青年修道僧ユリが繰り広げる壮絶な修行を描いた超前衛仏教映画。あまりに性描写や残酷なシーンが多く、映画評論家の間でも賛否両論となったが、カンヌ国際映画祭「国際批評家週間」に招待された初めての韓国映画となった。パク・サンニュンの小説『死に関する一つの研究』が原作で、「ユリ」は漢字で「[羊/久]里」と書き、「生は死である」ことを暗示する言葉とか。監督のヤン・ユノと男優パク・シニャンのデビュー作。彼らは東国大学の同期生でもある。
売春婦を母に持つ修道僧ユリ(パク・シニャン)は、33才になった年に観念のユートピア「ユリ」に入って行く。「ユリ」は僧侶達が真理を追究する場であるが、一般社会の慣習や雑念を忘れ去るために全裸で入っていく苦難の地。ユリはここで若き尼僧やオカマで好色な僧侶に出会い、殺人とセックス遍歴を続ける。そして、40日間の壮絶な修行の後に悟りを開く。

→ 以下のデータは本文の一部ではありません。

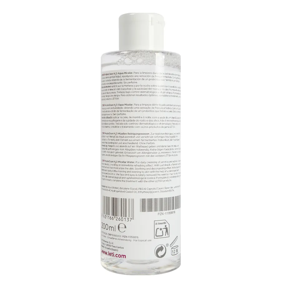 El agua micelar LETISR ProbioClean 200ml es un limpiador facial diseñado específicamente para pieles sensibles, con rosácea o cuperosis. Su fórmula incorpora Lactobacillus ferment, un probiótico que refuerza la barrera cutánea, y está enriquecida con agentes hidratantes que limpian sin resecar.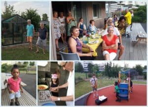 L’occasion de belles retrouvailles entre les bénévoles dispersés dans des rôles différents tout au long de l’année, et les locataires de la Résidence : mamans, enfants, seniors et jeunes, pour un pic-nique sur la terrasse et dans le jardin commun où la chaleur s’était invitée …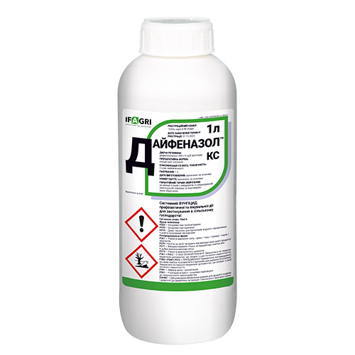 Дайфеназол, КС - cистемний фунгiцид широкого спектру дiї з хімічної групи триазолів, призначений для захисту посівів соняшнику, ріпаку, пшениці та яблуні від збудників хвороб грибного походження.

あまりに衝撃的で難解な作品であるが、基本的には思索と哲学を目指している。思索という意味では、ペ・ヨンギュンの『達磨はなぜ東へ行ったのか』に相通ずるものがあるが、『達磨はなぜ東へ行ったのか』の映像が静謐な自然美に満ちあふれているのに対し、『ユリ』は絶え間ない殺戮と倒錯的セックスの連続である点が異なる。いずれにせよ、パゾリーニの『ソドムの市』や寺山修司を思わせるその実験的映像からは韓国映画の多様性と進歩性、そして可能性を感じることができる。
第49回(1996)カンヌ国際映画祭「国際批評家週間」、トロント国際映画祭、ロッテルダム国際映画祭、第1回(1996)釜山国際映画祭「新しい波」部門招待、第17回(1996)青龍賞新人男優賞(パク・シニャン)、第33回(1997)百想芸術大賞新人演技賞(パク・シニャン,イ・ウンジョン)受賞作品。